◆ **Dataset section**
::::::::
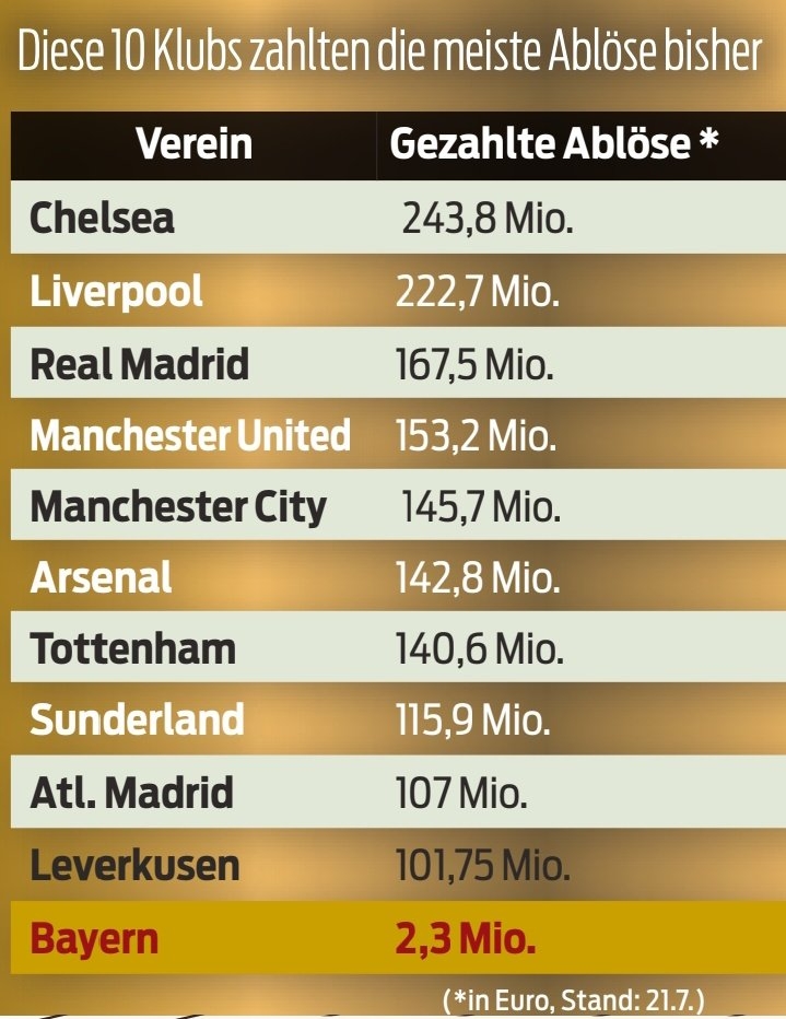 7月23日讯 闻明拜仁自媒体号Bayern & Germany转载了一则今夏足坛在支拨上排在前哨的俱乐部盘货,拜仁被列在了最底下行为对比。
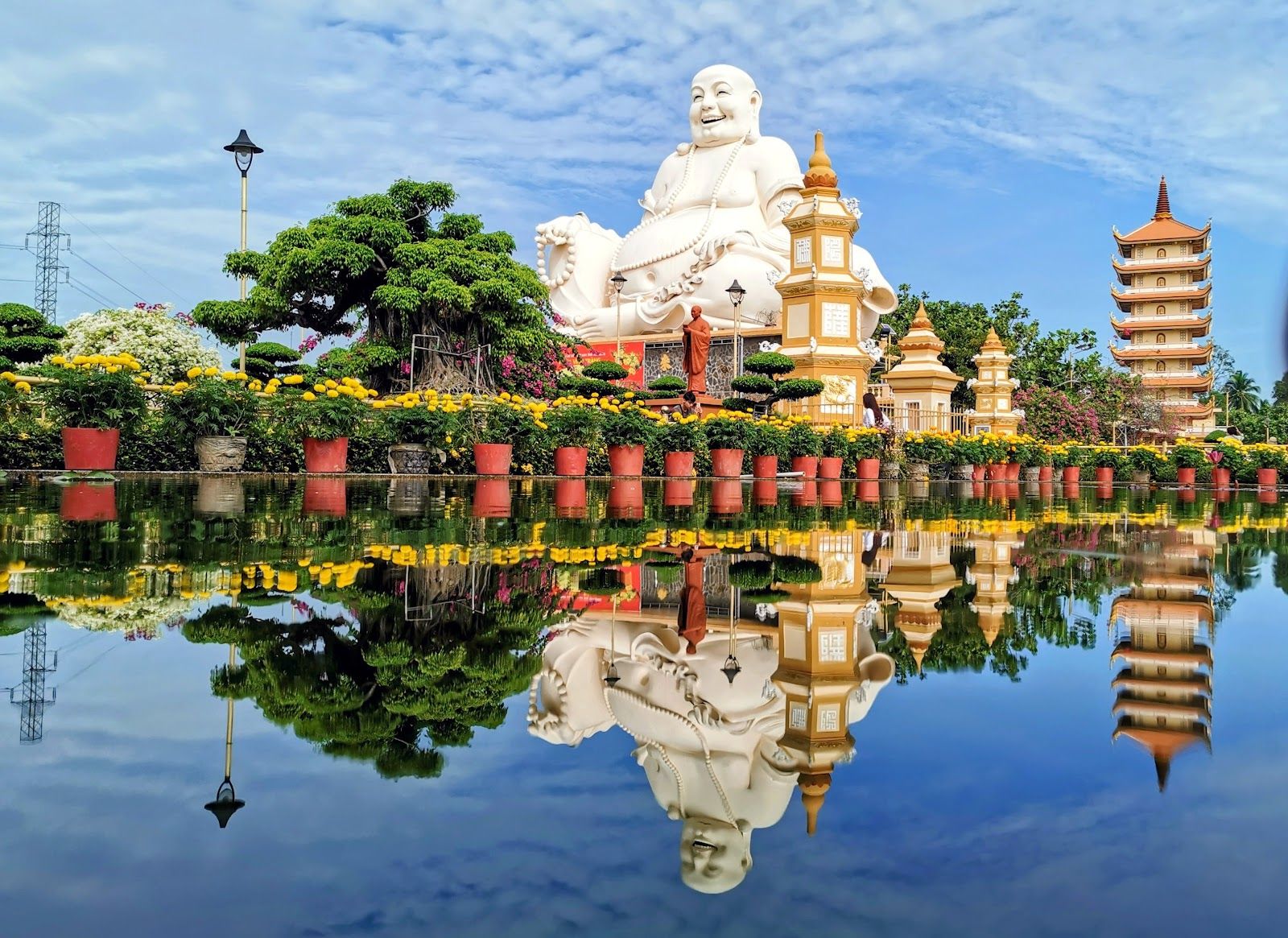 The pagoda complex is expansive, covering about two hectares, with several large statues, gardens, and multiple halls. Notably, it is home to three large Buddha statues: a standing Buddha, a reclining Buddha, and a laughing Buddha, each representing different aspects of Buddhism. The pagoda is also adorned with beautiful bonsai trees and lotus ponds, creating a serene environment for meditation and reflection.
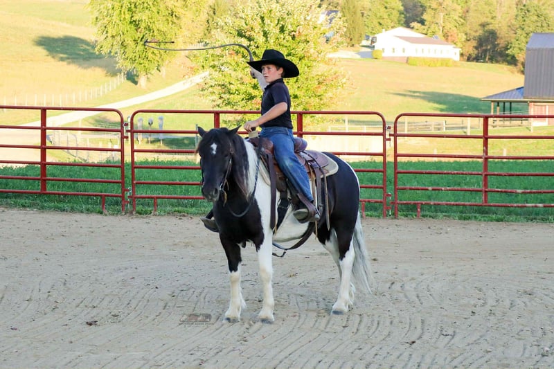 ⚜️ 𝓽𝓱𝓮 𝐇𝐨𝐫𝐬𝐞𝐦𝐚𝐧'𝐬 𝓢𝓱𝓸𝔀𝓬𝓪𝓼𝓮⚜️ Happening now thru MONDAY | DECEMBER 1st - Available EXCLUSIVELY on HorseBid's website! For more details and to register visit: www.Horsebid.com CONSIGNOR CONTACT: MW Equine Stables LLC 330-365-0233 LOCATION: Fresno, OH BREED: Pony REGISTERED: No COLOR: Black & White HEIGHT: 0 AGE: 4 GENDER: Gelding Flash is a 4 yr old pinto pony gelding standing 49 inches tall. He was born and raised here on the farm! Flash is broke broke broke! He has 3 beautiful gaits, walk, trot, canter and moves off of leg cues . Takes both leads and is fun to ride. He isn’t bothered by the bull whip, the tarp, or the ball. He rides English, western, bareback, or bridleless- whichever you prefer ! Flash has also been introduced to jumping and is very willing. He would make a fantastic English riding pony or a western pony . Making the perfect match for every child.. He is great on trail rides and has been on moonlight rides and big group trail rides. He goes out alone, crosses logs, creeks, and more! Flash is as close to perfect as one can get to take for a ride and teach kids the ropes. Flash is safe on the road to ride or drive. He drives the absolute very best and is traffic safe . The kids drove him to school quite a bit last year! If you’re looking for a safe pony that can do anything you’re looking for, this is the one! Don’t miss him. ☑️10 Day - Money Back Guarantee‼️
::::::::
◆ **Task prompt**
Word-for-word repeat, images excluded: return all the data.

◆ **Output**
 7月23日讯 闻明拜仁自媒体号Bayern & Germany转载了一则今夏足坛在支拨上排在前哨的俱乐部盘货,拜仁被列在了最底下行为对比。
 The pagoda complex is expansive, covering about two hectares, with several large statues, gardens, and multiple halls. Notably, it is home to three large Buddha statues: a standing Buddha, a reclining Buddha, and a laughing Buddha, each representing different aspects of Buddhism. The pagoda is also adorned with beautiful bonsai trees and lotus ponds, creating a serene environment for meditation and reflection.
 ⚜️ 𝓽𝓱𝓮 𝐇𝐨𝐫𝐬𝐞𝐦𝐚𝐧'𝐬 𝓢𝓱𝓸𝔀𝓬𝓪𝓼𝓮⚜️ Happening now thru MONDAY | DECEMBER 1st - Available EXCLUSIVELY on HorseBid's website! For more details and to register visit: www.Horsebid.com CONSIGNOR CONTACT: MW Equine Stables LLC 330-365-0233 LOCATION: Fresno, OH BREED: Pony REGISTERED: No COLOR: Black & White HEIGHT: 0 AGE: 4 GENDER: Gelding Flash is a 4 yr old pinto pony gelding standing 49 inches tall. He was born and raised here on the farm! Flash is broke broke broke! He has 3 beautiful gaits, walk, trot, canter and moves off of leg cues . Takes both leads and is fun to ride. He isn’t bothered by the bull whip, the tarp, or the ball. He rides English, western, bareback, or bridleless- whichever you prefer ! Flash has also been introduced to jumping and is very willing. He would make a fantastic English riding pony or a western pony . Making the perfect match for every child.. He is great on trail rides and has been on moonlight rides and big group trail rides. He goes out alone, crosses logs, creeks, and more! Flash is as close to perfect as one can get to take for a ride and teach kids the ropes. Flash is safe on the road to ride or drive. He drives the absolute very best and is traffic safe . The kids drove him to school quite a bit last year! If you’re looking for a safe pony that can do anything you’re looking for, this is the one! Don’t miss him. ☑️10 Day - Money Back Guarantee‼️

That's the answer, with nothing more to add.